In a release, S&P said that the change in outlook is being made to, “reflect the breadth and depth of the business franchise, its dominant position in its primary product markets, the stability and level of the earnings performance of the group, and the extremely strong capital adequacy position of its regulated operating subsidiaries.”

The insurer financial strength ratings are due to “the group’s very strong and geographically diversified business positions in Canada, the U.S., and Asia; extremely strong capitalization; solid operating performance; and accomplished management team.” The rating agency notes that Manulife now represents one of the top insurance organizations in Canada (top three), North America (top five), and globally (top 10), as measured by assets.
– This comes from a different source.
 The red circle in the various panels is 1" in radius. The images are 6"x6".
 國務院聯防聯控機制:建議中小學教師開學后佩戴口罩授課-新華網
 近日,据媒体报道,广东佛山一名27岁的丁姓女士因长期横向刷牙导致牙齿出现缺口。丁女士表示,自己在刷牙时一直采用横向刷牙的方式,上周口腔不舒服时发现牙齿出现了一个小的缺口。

“Some factors, although negative, are either well managed or limited in their consequence, including exposures to global equity markets that could affect Manulife Financial’s wealth management businesses and investments against surplus if these markets soften,” said Standard & Poor’s credit analyst Donald Chu. Other rating factors include the effect of the devaluated U.S. dollar against the Canadian dollar, which is Manulife’s reporting currency; its emerging markets exposure; and the residual integration and operational risk associated with the completion of the John Hancock integration.

S&P noted that a somewhat higher risk profile exists in John Hancock’s institutional spread-based businesses, long-term care business, and bond investment portfolio (although management has taken steps to de-risk these businesses). “Finally, the acquisition of John Hancock had a negative affect on the company’s quality of capital due to the goodwill and intangibles created,” it added.
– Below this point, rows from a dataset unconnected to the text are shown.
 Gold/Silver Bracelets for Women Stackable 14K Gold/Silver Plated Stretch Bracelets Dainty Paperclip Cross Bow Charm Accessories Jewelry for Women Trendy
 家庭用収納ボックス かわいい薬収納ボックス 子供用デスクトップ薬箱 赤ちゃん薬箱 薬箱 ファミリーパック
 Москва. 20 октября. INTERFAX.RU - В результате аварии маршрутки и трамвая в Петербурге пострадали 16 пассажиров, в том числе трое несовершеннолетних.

S&P said that Manulife has a positive outlook with the expectation that operating earnings will continue to improve. “To the extent that Manulife successfully integrates the John Hancock acquisition as planned and the company improves its already very strong operating performance, business franchise, and capital adequacy position, the ratings will be reviewed for an upgrade.”
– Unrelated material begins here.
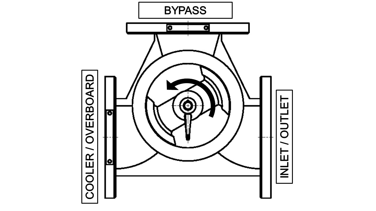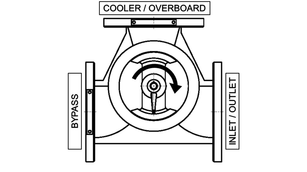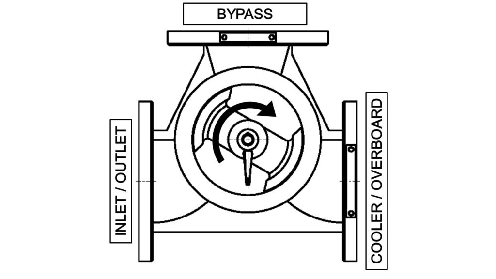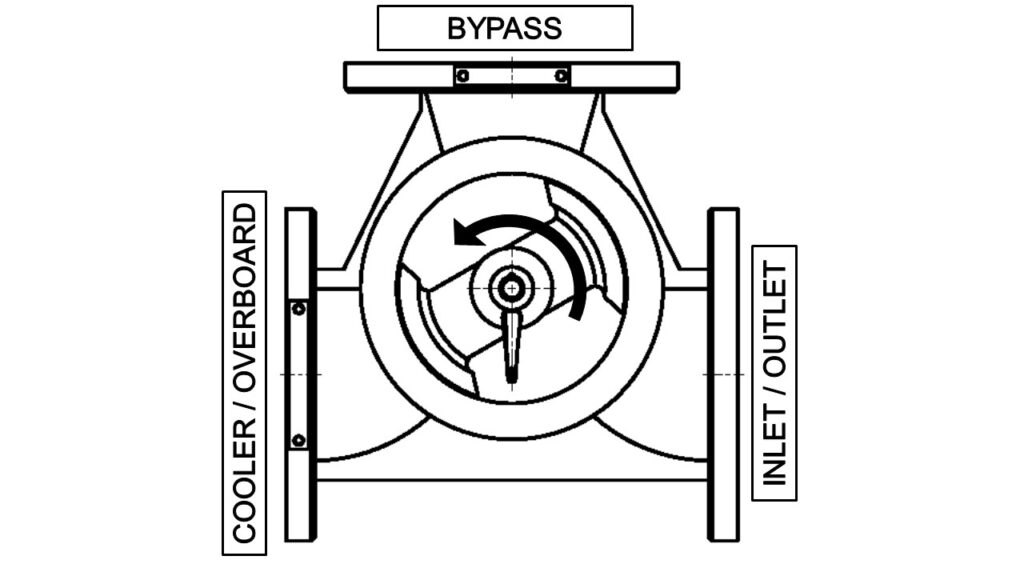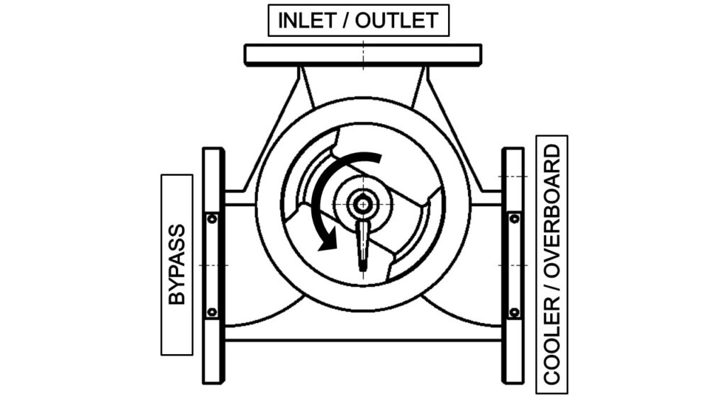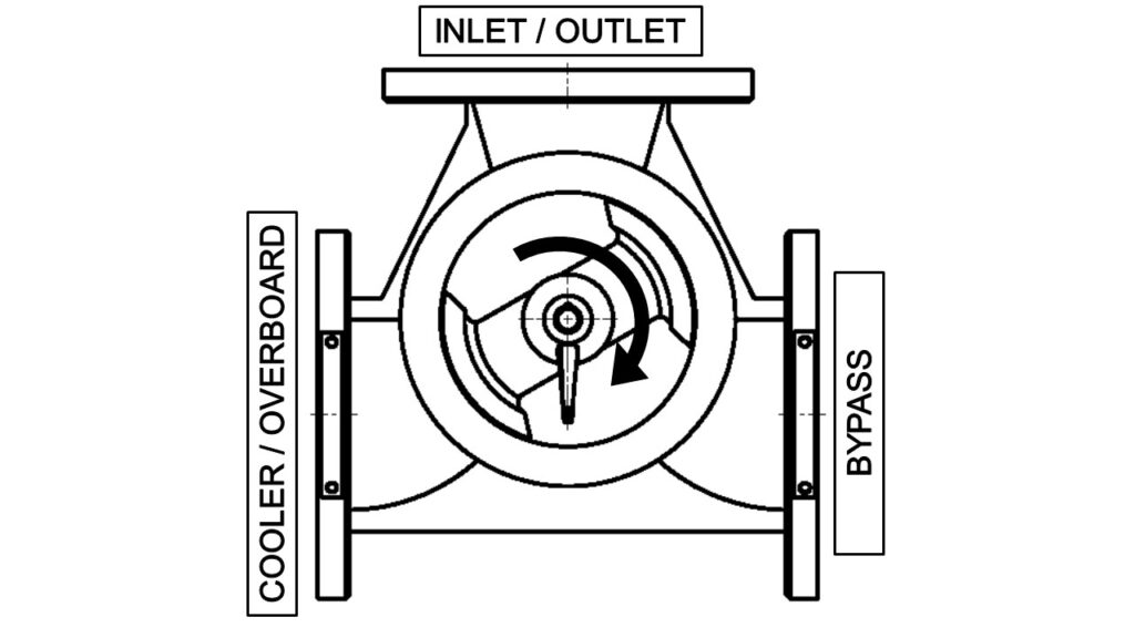 When operating as a diverter, the valve is fitted upstream of the cooler. The inlet from the heat source enters one port and is divided into two outlet streams to the cooler and bypass in proportions determined by the position of the valve's rotor. This maintains the temperature of the fluid returning to the heat source at the required temperature.

“In addition, although the company’s enterprise risk management function is very robust, Manulife Financial needs to demonstrate that it has fully reviewed and accounted for the risk associated with some of the more complex insurance products that it has developed for sale in the North American market (such as variable annuities, long-term care, and universal life products) in order for Standard & Poor’s to consider a higher rating,” it added.

“Alternatively, any significant residual integration issues with the John Hancock acquisition or unexpected disruptions to earnings would cause the outlook to be revised to stable,” it said. Standard & Poor’s expects to bring a resolution to the positive outlook within a 12-month window.